[Dataset records]
※

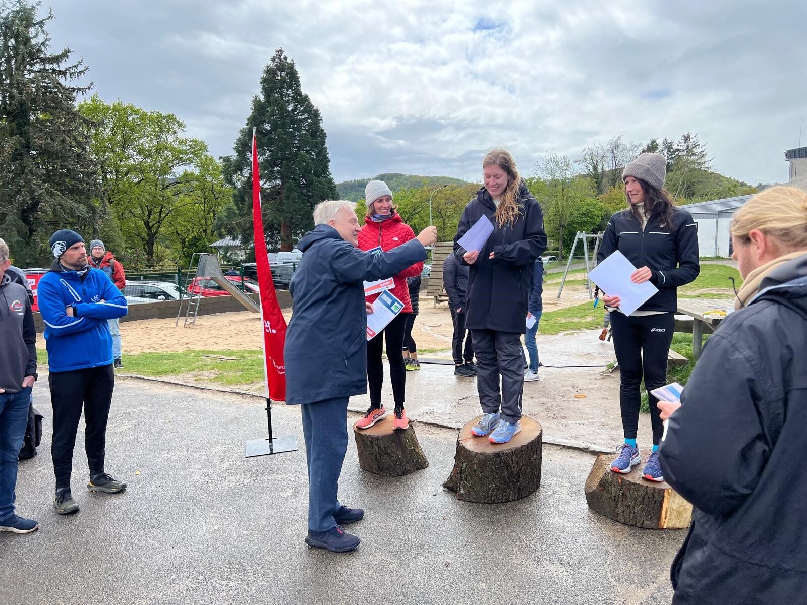 Voller Erfolg beim ersten Rureifel-Trail bei sehr durchmischtem Wetter. Landrat Wolfgang Spelthahn überreicht die Siegerurkunden an die drei Gewinnerinnen des 13-Kilometer-Laufs: Romy Julia Streppel, Sarah Mexner und Emanuela Hinz (v.l.).
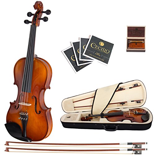 Studio : Cecilio Musical Instruments Publisher : Cecilio Musical Instruments Binding : Electronics Product Description Teacher approved CVN-300 orchestra violin is perfect for the beginner to intermediate violinist. It features hand-carved solid spruce top, hand-carved maple back and sides finished with beautiful antique varnish and inlaid purfling. This violin is fitted with ebony fingerboard, pegs, chin rest, and tailpiece with 4 detachable nickel plated fine tuners. Violin accessories include 2 (two) Brazilwood bow with ebony frog and unbleached genuine Mongolian horsehair, a lightweight form fitting hard shell case with pockets and strap (making it convenient to carry to school or orchestra), quality rosin cake, violin bridge and an extra set of violin strings. Buy with confidence as it comes with a 1- year warranty against any manufacturer's defects. 0
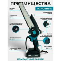 Купить Мини-пила аккумуляторная, 24В, 6 дюймов, с маслоподачей, прорезиненная рукоятка, синяя с доставкой по всей России.
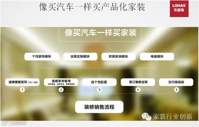 我们提出了“像买汽车一样买家装”的理念,并根据客户族群开发出了类似奥迪汽车的A1-A8的拎包入住精装产品。
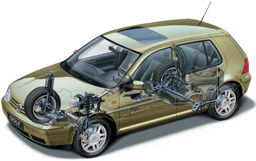 Ходовая часть у большинства моделей Volkswagen Golf 4 обладает простой, надежной конструкцией, доступной в обслуживании и достаточно комфортной для своего класса. Передняя подвеска выполнена по типу “Макферсон”, в то время как задняя имеет различные варианты. На моделях с передним приводом установлена более простая Н-образная балка, а на полноприводных моделях используется многорычажная подвеска, усложняющая и увеличивающая стоимость обслуживания.
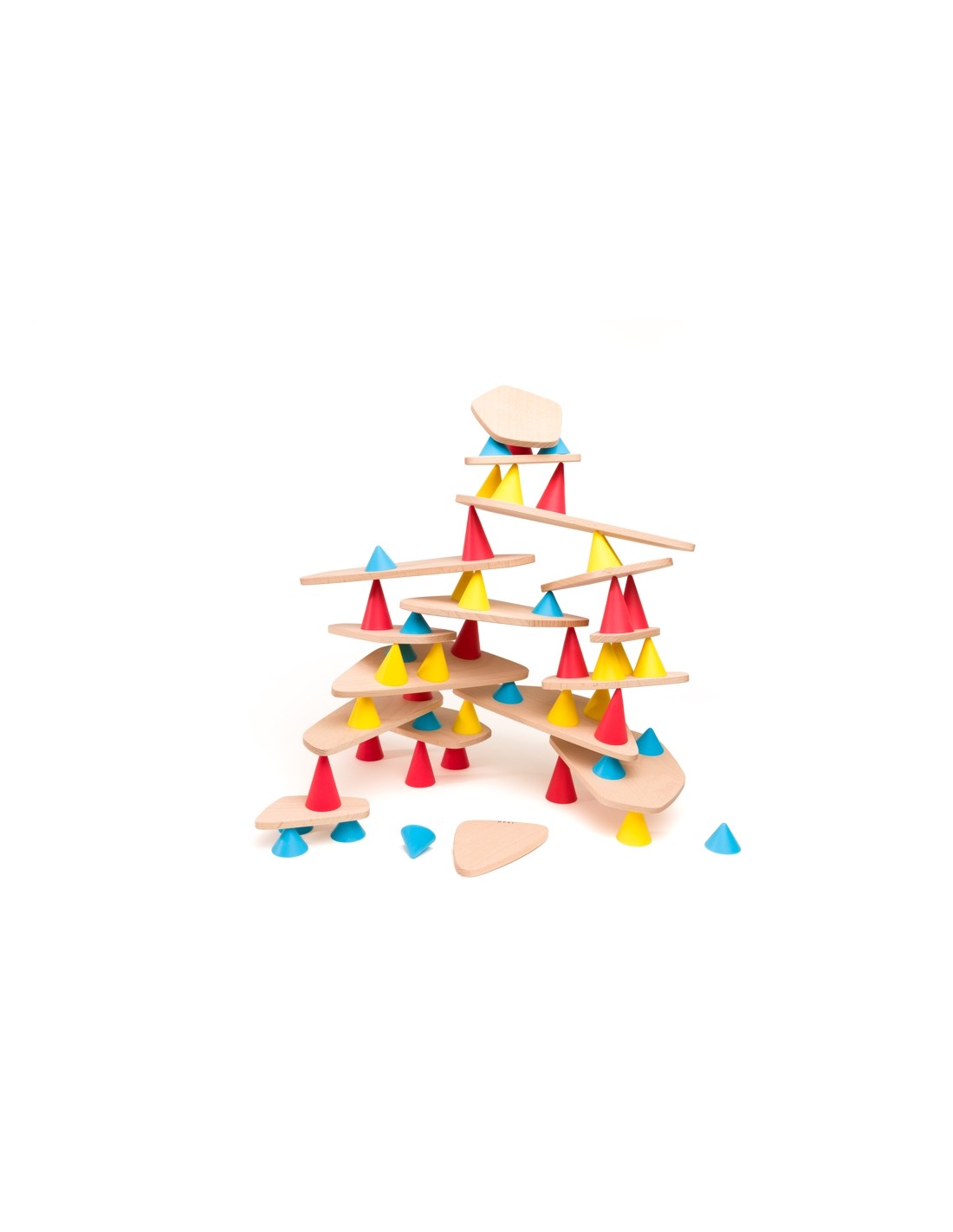 El joc inclou 48 cons de silicona en tres grandàries, 16 taulons de faig, una bossa de cotó per a guardar el material i un fullet d'instruccions amb exemples de targetes creatives per a inspirar noves construccions. És un joc versàtil que combina diversió i aprenentatge mentre els nens experimenten amb l'equilibri i la coordinació.
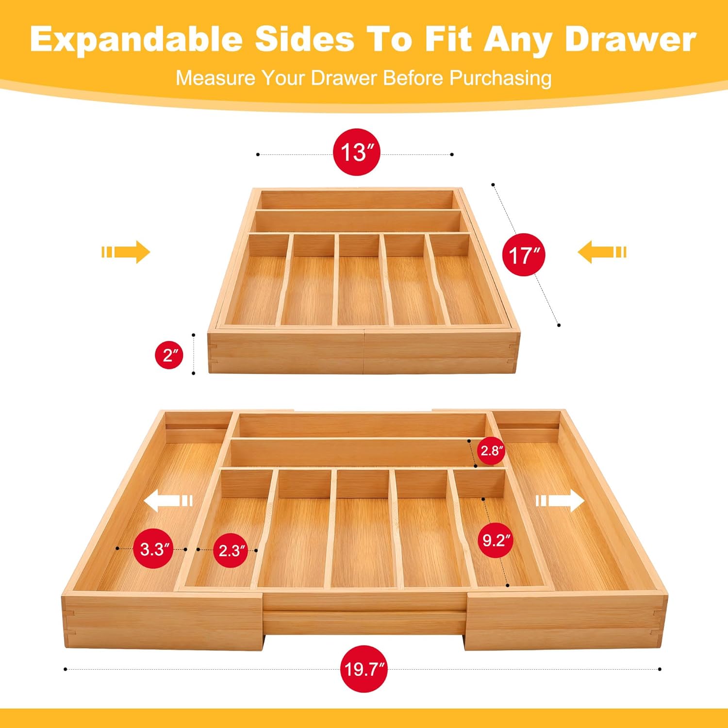 - â ăExpandable to Fit Most Standard Kitchen DrawersăOur deep bamboo drawer organizer is ideal for saving kitchen storage space, thanks to its adjustable storage drawers that expand from 17âx13â to 17x19.7â wide with 1.9â deep slots. This drawer simply pulls away from both sides to expand from 7 to 9 compartments for extra storage space and to make the wider drawer more stable. Different sized compartments are available to store standard silverware and large cutlery.
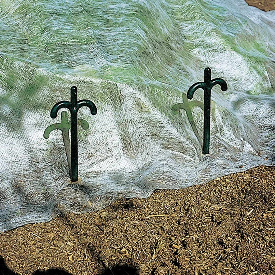 - Folien, Vliese und Gewebe mit Erdnägeln im Boden verankern

※

What you write must match, line for line, the lines from the one with "Ходовая часть у" through the last line of the data above, minus the pictures.

Task output:
 Ходовая часть у большинства моделей Volkswagen Golf 4 обладает простой, надежной конструкцией, доступной в обслуживании и достаточно комфортной для своего класса. Передняя подвеска выполнена по типу “Макферсон”, в то время как задняя имеет различные варианты. На моделях с передним приводом установлена более простая Н-образная балка, а на полноприводных моделях используется многорычажная подвеска, усложняющая и увеличивающая стоимость обслуживания.
 El joc inclou 48 cons de silicona en tres grandàries, 16 taulons de faig, una bossa de cotó per a guardar el material i un fullet d'instruccions amb exemples de targetes creatives per a inspirar noves construccions. És un joc versàtil que combina diversió i aprenentatge mentre els nens experimenten amb l'equilibri i la coordinació.
 - â ăExpandable to Fit Most Standard Kitchen DrawersăOur deep bamboo drawer organizer is ideal for saving kitchen storage space, thanks to its adjustable storage drawers that expand from 17âx13â to 17x19.7â wide with 1.9â deep slots. This drawer simply pulls away from both sides to expand from 7 to 9 compartments for extra storage space and to make the wider drawer more stable. Different sized compartments are available to store standard silverware and large cutlery.
 - Folien, Vliese und Gewebe mit Erdnägeln im Boden verankern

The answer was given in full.